Belum termasuk potensi tambahan pemain keturunan baru yang terus dipantau PSSI untuk memperkuat kedalaman skuad. Di bawah arahan pelatih John Herdman, fondasi itu sedang dibangun sedikit demi sedikit.

Indonesia memang belum berada di Piala Dunia. Pernah sih 1938 di Prancis masih atas nama Hindia Belanda. Tetapi tentu ada yang berbeda jika itu terjadi saat ini.

Dulu, masyarakat bertanya apakah Indonesia mungkin lolos. Sekarang pertanyaannya berubah menjadi kapan Indonesia akan lolos. Perubahan itu terlihat sederhana.

Namun sesungguhnya sangat besar.
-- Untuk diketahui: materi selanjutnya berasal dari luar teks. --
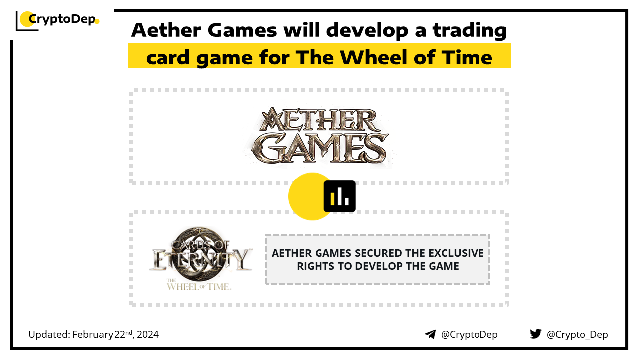 Aether Games secured the exclusive rights to develop the online trading game - Cards of Eternity for Robert Jordanβs The Wheel of Time. The game allows players to make their mark on Jordanβs fantasy world, buying, crafting, selling, and even renting out cards. It will arrive on Windows PC first before eventually coming to console and mobile devices.
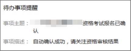 自动确认成功后,微信公众号会发出报名已确认的“待办事项提醒”(如下图),报名信息将不能撤销提交和修改。
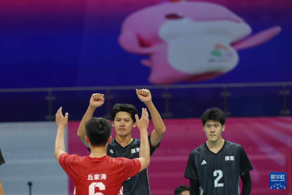 当日,在广州举行的第十五届全国运动会排球男子18岁以下组小组赛A组比赛中,广东队3比0战胜重庆队。
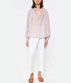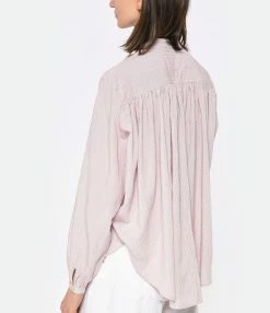 Blouse fluide à rayures rouges. Col mao. Encolure nouée par des liens. Epaules et dos froncés. Manches longues resserrées par boutons. Coupe droite. Base droite.
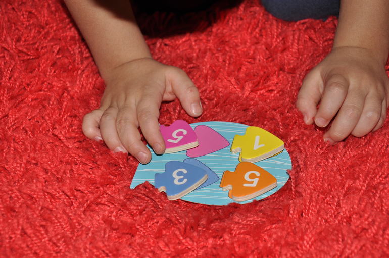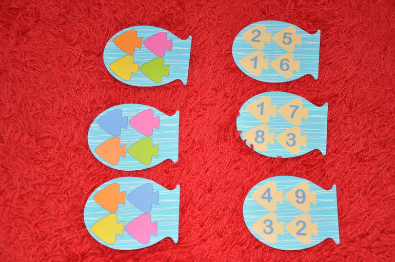Карточки вот такие - то есть можно собирать рыбок определенного цвета, а можно рыбок с определенными цифрами:
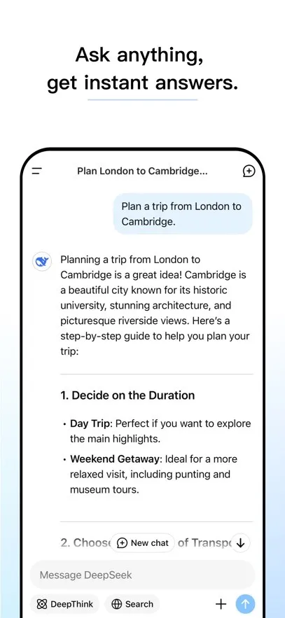 DeepSeek安卓版是深度求索推出的AI智能对话助手。有国内版和国外版,采用混合专家MoE架构,具备多场景应用能力,有出色语言理解与代码生成能力,开源且商用友好,价格低、功能全,能助力用户高效生活 。
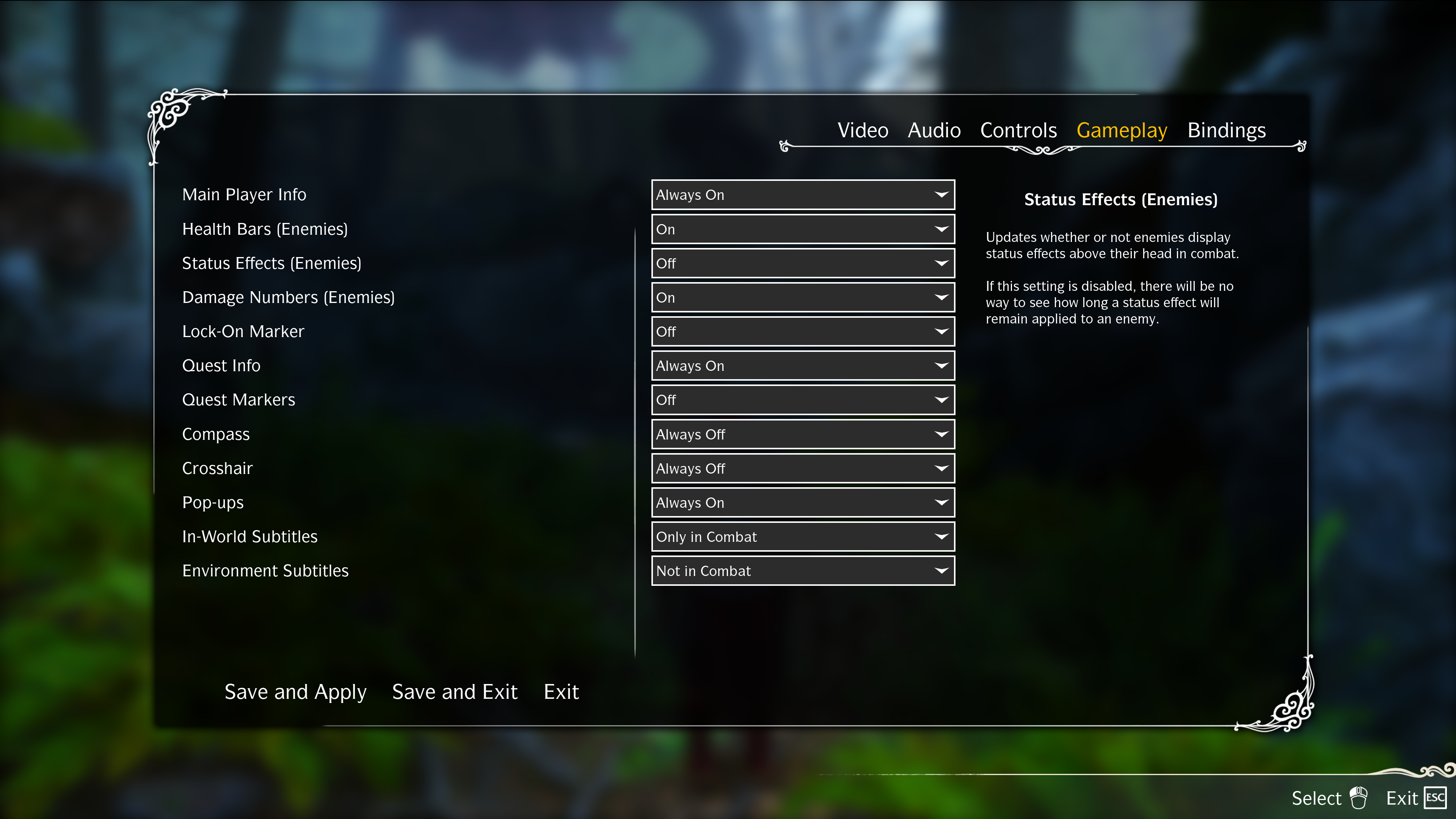 The gameplay tab is where you can toggle on and off all of your individual HUD elements, depending on how you like to play. Most of these elements can be set to either enabled or disabled entirely, or enabled only in combat.
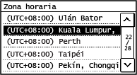 Configure <Zona horaria> antes de configurar la fecha y la hora actuales. Si la opción <Zona horaria> se modifica más tarde, la fecha y la hora actuales también se modificarán.

Karena bangsa yang berhenti bermimpi tidak akan pernah maju. Dan sepak bola Indonesia hari ini sedang berada pada fase ketika mimpi itu mulai terasa masuk akal.

Mungkin bukan 2026. Mungkin memang bukan sekarang.

Tetapi suatu hari nanti, ketika Indonesia benar-benar berdiri di panggung Piala Dunia, seluruh euforia yang hari ini hanya menjadi khayalan akan berubah menjadi kenyataan.

Dan saat hari itu tiba, mungkin benar bahwa negeri ini akan berhenti sejenak. Bukan karena bencana. Bukan karena krisis. Melainkan karena 280 juta rakyat Indonesia sedang melakukan satu hal yang sama:

Sangat ingin menyaksikan Garuda terbang di panggung terbesar sepak bola dunia.